Brothers Jay and Mark Duplass, who have become de facto ambassadors of the emerging “Mumblecore” aesthetic through films such as Cyrus, bring their stylistic leanings to more mainstream fare. Jeff (Jason Segel), as the title would imply, is a 30-something year old man who still lives in his mother Sharon’s (Susan Sarandon) basement. Obsessed with the M. Night Shyamalan film Signs (2002), Jeff waits for the universe to send him a message, which he believes he finds when he receives a wrong number phone call for ‘Kevin’. Meanwhile, Sharon deals with a potential secret admirer at work, and Jeff’s brother Pat (Ed Helms) goes through his own mid-life crisis with the purchase of a Porsche, and problems with his wife Linda (Judy Greer).

For a style of film that is known for its lo-fi, laid-back attitude, the Duplass brothers manage to infuse their film with an unexplained energy that carries it to its illogical, magical conclusion. This is mostly Segel’s film, and while the roles he has written for himself have begun to fall into a comfortable rhythm (especially The Five Year Engagement), the Duplass siblings recognise how adorkable he is to audiences. Described as a “Sasquatch” in the film, the film takes full advantage of his giant teddy bear charm, allowing audiences to suspend disbelief for some of the more obvious emotionally manipulative elements of the screenplay. He may be considered the social outcast by his family, but like Jesse Peretz’s Our Idiot Brother (2011), he sees more truth than the allegedly ‘adult’ characters.

Jeff, Who Lives at Home - Susan Sarandon

Susan Sarandon effortlessly slips into this world, her uptight worries about her flirtatious co-worker/stalker suggestive of the upbringing Jeff and Pat must have had. Similarly, Helms sticks out like a sore thumb, but that’s kind of the point.
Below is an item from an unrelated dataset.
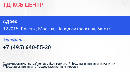 ТД КСБ ЦЕНТР по адресу 127015, Россия, Москва, Новодмитровская, 5а ст4 в дальнейшем Организация, размещена в следующих категориях: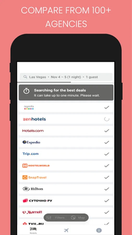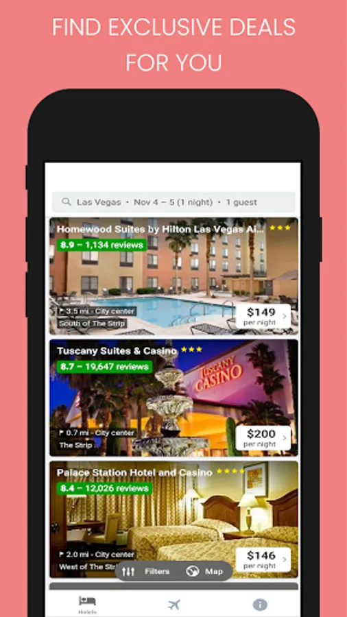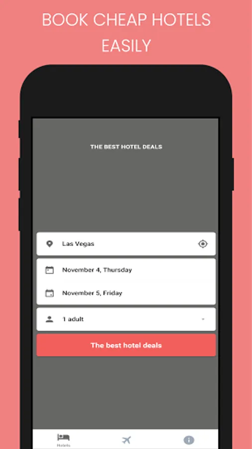 Hotel deals app - We deliver you the best hotel price comparison result, and you can even book last-minute hotels with savings and discounts. We compare hotel rates from popular hotel booking providers all over the world. And also help you find exclusive and secret reservation deals that ensure you the best price. So the agencies that we are working with are Agoda, booking com, priceline, kayak, Airbnb, hotelscombiend, ihg, expedia, tripadvisor, hotwire, hotelstonight, hotellook, lastminute and many more in this list. Find the best cheap hotels even for your last minute hotel booking.

He’s arrogant, blinkered to his wife’s unhappiness and scornful of Jeff’s philosophy, but Jeff, Who Lives at Home is about his enlightenment just as much as it is Jeff’s. It’s ultra-twee in parts, and even those who go with the flow might have trouble with some of the incredible coincidences that lead to the climax, but this gentle musing on life is a reminder to stop and smell the roses.

Jeff, Who Lives at Home played at the Sydney Film Festival in June 2012. It’s currently available on DVD and Blu-ray in the US.